# Pakistani med schools vs Caribbean medical schools.



## DrPlasma (Jan 11, 2008)

Hello everyone, 

I will like to have your thoughts on this thread, regarding the positives and negatives of Caribbean vs Pakistan medical schools. 

Just to throw in a few benefits of Caribbean medical schools. 
-Last two years in done in states, very valuable clinical experience.
-Curriculum based on USMLE patterns. 

+ of Pakistani medical schools. 
-Fraction of a cost compared to Caribbean schools. 
-Schools have been around for a long time except for some new ones.

Thanks


----------



## MastahRiz (Jan 26, 2006)

If I had the option I'd pick a Caribbean school. They're still better recognized than Pakistani medical colleges-- you'll have a much easier time getting a residency.


----------



## thecalccobra (Jul 3, 2007)

what about caribbean vs aga khan?


----------



## DrPlasma (Jan 11, 2008)

MastahRiz said:


> If I had the option I'd pick a Caribbean school. They're still better recognized than Pakistani medical colleges-- you'll have a much easier time getting a residency.


I think you are right, I guess the valuable experience of doing the last two years in America, thats really a big plus. 

But as I stated before Caribbean school are for sure expensive. 


Cobra, 

Overall aga khan as an international applicant will cost you around 17 to 18k a year plus living expenses its still a very decent cost for medical school. 

I have seen some good matches from AKU, but they don't even match half as many residents as St George University in Grenada. 

The Caribbean school do have federal loan options so that could be a big benefit. 

Sincerely, 

DrPlasma.


----------



## thecalccobra (Jul 3, 2007)

hey Riz, if you knew it would be very tough getting a residency from pak med schools, why didn't you go to carribean or stay in us for med school?


----------



## MastahRiz (Jan 26, 2006)

Saved some money, plus some time on getting in. I hadn't been planning on going to med school for as long as a lot of other people do, and when I saw the chance for admission I just went for it- I was too impatient to do a whole lot of research and then sit around and wait for other schools.

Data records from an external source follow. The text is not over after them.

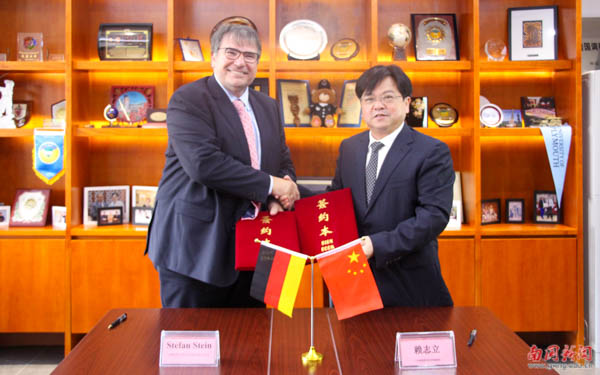 随后,我校与德国欧洲应用技术大学签署合作备忘录。双方将在师生的互换交流、学术活动、师资培训等领域开展合作。
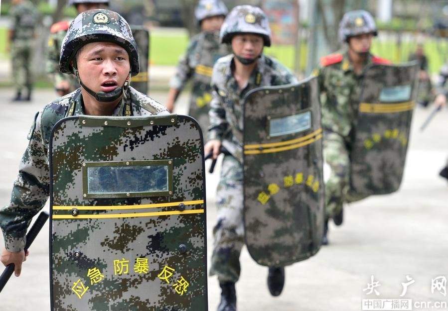 廣東深圳:全國首支街道反恐民兵分隊舉行反恐演練(央廣網(wǎng)發(fā) 廖鍵 攝)
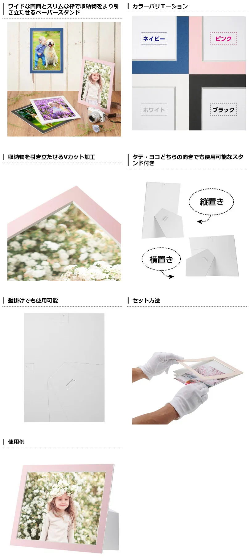 枠幅が23mmと従来のペーパースタンドよりもスリムなペーパースタンド。A4サイズの写真やクリアファイルも収納可能。画面サイズも広くなり、収納物をより引き立たせます。
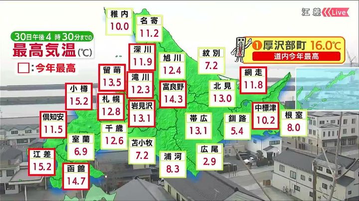 きょう30日(月)午後4時半までの最高気温です。広く4月中旬から下旬並みで、最も上がった檜山南部の厚沢部町は16.0度。道内で今年初めて15度を超えました。小樽や画面の江差も15度超え、赤枠の札幌12.8度、函館14.7度は今年一番の暖かさでした。一方、日中でも霧がかかった十勝の広尾町は、2.9度と寒くなりました。

Oh and caribbean medical schools (at least the good ones) require a bachelors degree- which I didn't have.


----------



## DrPlasma (Jan 11, 2008)

MastahRiz said:


> Saved some money, plus some time on getting in. I hadn't been planning on going to med school for as long as a lot of other people do, and when I saw the chance for admission I just went for it- I was too impatient to do a whole lot of research and then sit around and wait for other schools.
> 
> Oh and caribbean medical schools (at least the good ones) require a bachelors degree- which I didn't have.


Going to Pak/India seems like a better option. This is because they don't have a big bias which surrounds Americans attending the Caribbean school. Automatically people think that if you can't get into a US medical school then and only than you try Caribbean schools. 

They are certainly good things about Caribbean schools atleast the good ones, they will actually prepare you for USMLES steps.

I don't actually know how well Shifa, Aku or other private or government schools prep you for the steps. It will be nice if some one can give a quick synopsis of it?

Thanks.


----------



## dr.Shafia (Jan 27, 2007)

alot of privt colleges have usmele pattern examination..like the one in wihich i study ziauddin university..it has pbl's and stuff..and the exams are usmele oriented...plus every one in my university studies kaplan and brs during the 5 years...because questions are pretty much like its thr in those books...i think agha khan has the same criteria..and i know alot of our students are settled in usa...


----------



## DrPlasma (Jan 11, 2008)

dr.Shafia said:


> alot of privt colleges have usmele pattern examination..like the one in wihich i study ziauddin university..it has pbl's and stuff..and the exams are usmele oriented...plus every one in my university studies kaplan and brs during the 5 years...because questions are pretty much like its thr in those books...i think agha khan has the same criteria..and i know alot of our students are settled in usa...


Thats good to know. 

Are there any Pakamerican students studying at your school? I noticed Ziauddin University have change their website layout completely. 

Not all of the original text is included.